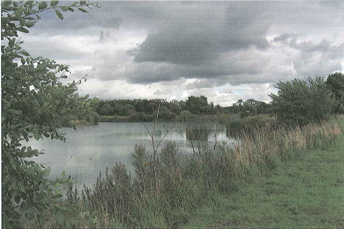
Part of the site as it is today.
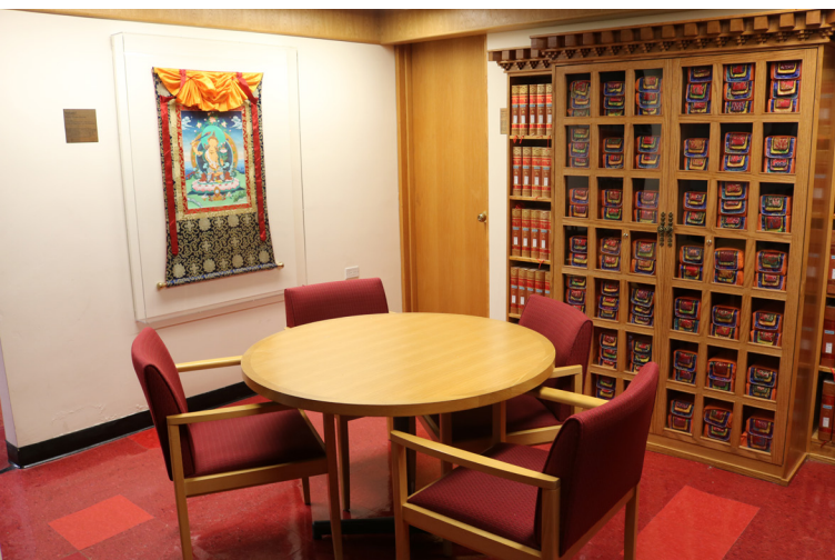
A popular study spot in the stacks of the C.V. Starr East Asian Library.

research library, we also have current novels, magazines, and newspapers from China, Japan, Korea, and Tibet; users from those countries come here like it's their local library at home." Increased interest in East Asia and East Asian studies is also responsible for bringing more readers to the library. And with its quiet, elegant reading room and striking stained glass window, even students with no connection to East Asia are drawn to the space. Now, Harlin said, it is not uncommon for every seat to be filled.
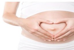
RA & Pregnancy: Pros and Cons
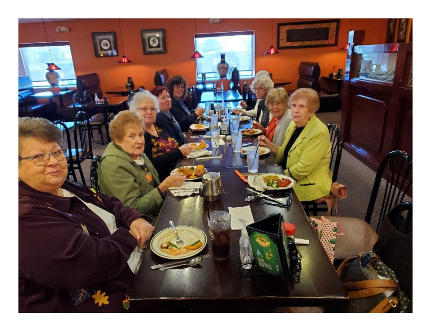
Mark your calendars. Ladies Lunch will be on April 27 . Currently, the location is undetermined. Suggestions for new locations have been made. We will discuss this at the March lunch.
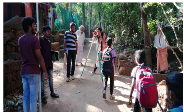
Fig.2 Engineering survey

Through the engineering survey the water quality test and method of treatment is determind and through leveling survey , map and node prepared on basis of engineering survey.
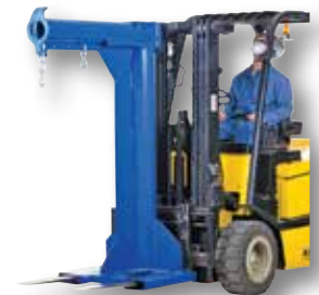
HIGH-RISE BOOM model LM-HRNT-4-24
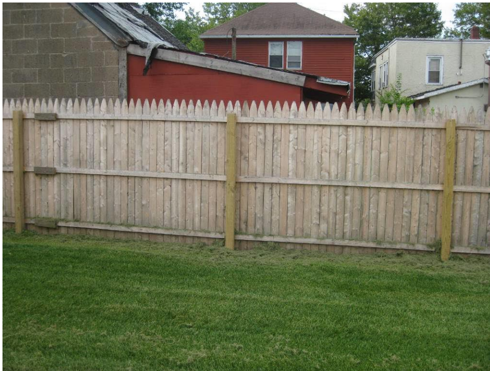
View looking South at restored fence

-------

What you will do:
Each line of the listing above that includes the word "East" is to be counted, and only the total reported.

Result below:
2